If you think about an election in a city with 50,000 registered voters. The classic method of polling was to ask a representative sample (say 2000 voters) how they were going to vote. Using that information, you could infer how the election was to play out (with a margin of error of course). With Big Data, we are asking all 50,000 voters. We do not need to infer anymore. We know the answer
Imagine this more “real world” application example. Think of a large manufacturing plant. A pretty common maintenance strategy in a plant like this is to have people perform periodic checks on motors, belts, fans, etc. They will take reading from gauges, write them on a clipboard and maybe the information is enter into a computer that can analyze trends to check for out of range parameters.
In the IoT(Internet of Things) world, we now have cheap, network connected sensors on all of this equipment sending out readings every second. This data is fed through algorithms designed to analyze trends. The trends can tell you a fan is starting to go bad and needs to be replaced 2 or 3 days before most humans could.
Big Data is all about correlation. And this can be a sticking point for some people. As humans, we love to look for a root cause. If we can’t find one, we often create one to satisfy our desire for one – hence the Roman volcano gods.
With Big Data, cause is not name of the game.
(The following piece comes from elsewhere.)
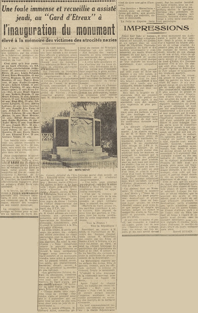 L'inauguration du monument dans l'Aisne Nouvelle du samedi 10 mai 1947

Analyzing massive streams of data, we can find correlations that can help up make better decisions. Using the fan example above, the algorithms may pick up that if the fan begins drawing more current while maintaining the same speed that the soon the fan motor will fail. And using probabilistic algorithms, we can show you the increasing odds of it failing each minute, hour, or day you ignore it.
This we can do, with great certainty in many instances. But what we can’t do is tell you why it is happening. That is for someone else. We leave whys to the engineers and the academics. We are happy enough knowing If A Then B.
Correlation can also show us relationship we never knew existed. Like did you know Pop Tarts are hot sellers in the days leading up to a hurricane? Walmart does. They even know what flavor ( I want to say strawberry, but don’t quote me on this).
This pattern finding power can be found everywhere from Walmart check outs, to credit card fraud detection, dating sites, and even medicine.